COMMENT
The days of large, monolithic apps are fading. Today’s applications rely on microservices and code reuse, which simplifies development but creates complexity when it comes to monitoring and managing the components used.
This is why the software bill of materials (SBOM) has emerged as an indispensable tool for identifying what’s in a software app, including the components, versions, and dependencies that reside within the systems. SBOMs also provide insights into dependencies, vulnerabilities, and risks that impact cybersecurity.
An SBOM allows CISOs and other business leaders to focus on what really matters by providing an up-to-date inventory of software components. This makes it easier to establish and enforce strong governance and spot potential problems before they spiral out of control.
However, in the era of artificial intelligence (AI), the classical SBOM has some limitations. Emerging machine learning (ML) frameworks introduce significant opportunities, but they also push the boundaries of risk and introduce a new asset to organizations: the machine learning model. Without strong oversight and control over these models, a number of practical, technical and legal problems can arise.
This is where machine learning bills of materials (MLBOM) come into play. The framework tracks names, locations, versions, and licenses for assets that comprise an ML model. It also includes general information about the nature of the model, training configurations embedded in the metadata, who owns it, various feature sets, hardware requirements, and more.
Why MLBOMs matter
CISOs are realizing that AI and machine learning require a different security model, and that the underlying training data and the models that drive it are often not tracked or regulated. An MLBOM can help an organization avoid security risks and failures. It addresses critical factors such as model and data provenance, security assessments, and dynamic changes that are beyond the scope of the SBOM.
Because ML environments are in a constant state of flux and changes can occur with little or no human interaction, issues related to the consistency of the data, including where it came from, how it was cleaned, and how it was labeled , are a constant concern.
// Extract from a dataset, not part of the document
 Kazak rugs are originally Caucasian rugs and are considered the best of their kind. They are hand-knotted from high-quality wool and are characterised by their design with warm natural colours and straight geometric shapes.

For example, if a business analyst or data scientist determines that a data set is poisoned, MLBOM simplifies the task of finding all the various points of contact and models trained with that data.
MLBOMs can increase protection
Transparency, auditability, auditing and forensic analysis are all hallmarks of an MLBOM. With a complete view of the “ingredients” that make up an ML model, an organization is equipped to manage its ML models securely.
Here are some ways to create a best practice framework around an MLBOM:
-
Recognize the need for an MLBOM: It’s no secret that machine learning drives innovation and even business disruption. However, it also introduces significant risks that can extend to reputation, regulatory compliance and legal issues. Having visibility into ML models is critically important.
-
Conduct essential due diligence: An MLBOM should integrate with the CI/CD pipeline and provide a high level of clarity. Support for standard frameworks like JSON or OWASP CycloneDX can unify the SBOM and MLBOM processes.
-
Analyze policies, processes and governance: It is essential to synchronize an MLBOM with an organization’s workflows and business processes. This increases the likelihood that ML pipelines will work as intended, while minimizing risks related to cybersecurity, data privacy, compliance, and other areas associated with risk.
-
Use an MLBOM with machine learning ports: Rigorous controls and gateways lead to essential guardrails for AI and machine learning. This way, the business and CSO can build on successes and leverage machine learning to drive greater cost savings, performance improvements, and business value.
Machine learning is dramatically changing the business and IT landscape. By extending proven SBOM methodologies to ML through MLBOM, you can take a giant step towards boosting machine learning performance and protecting your data and assets.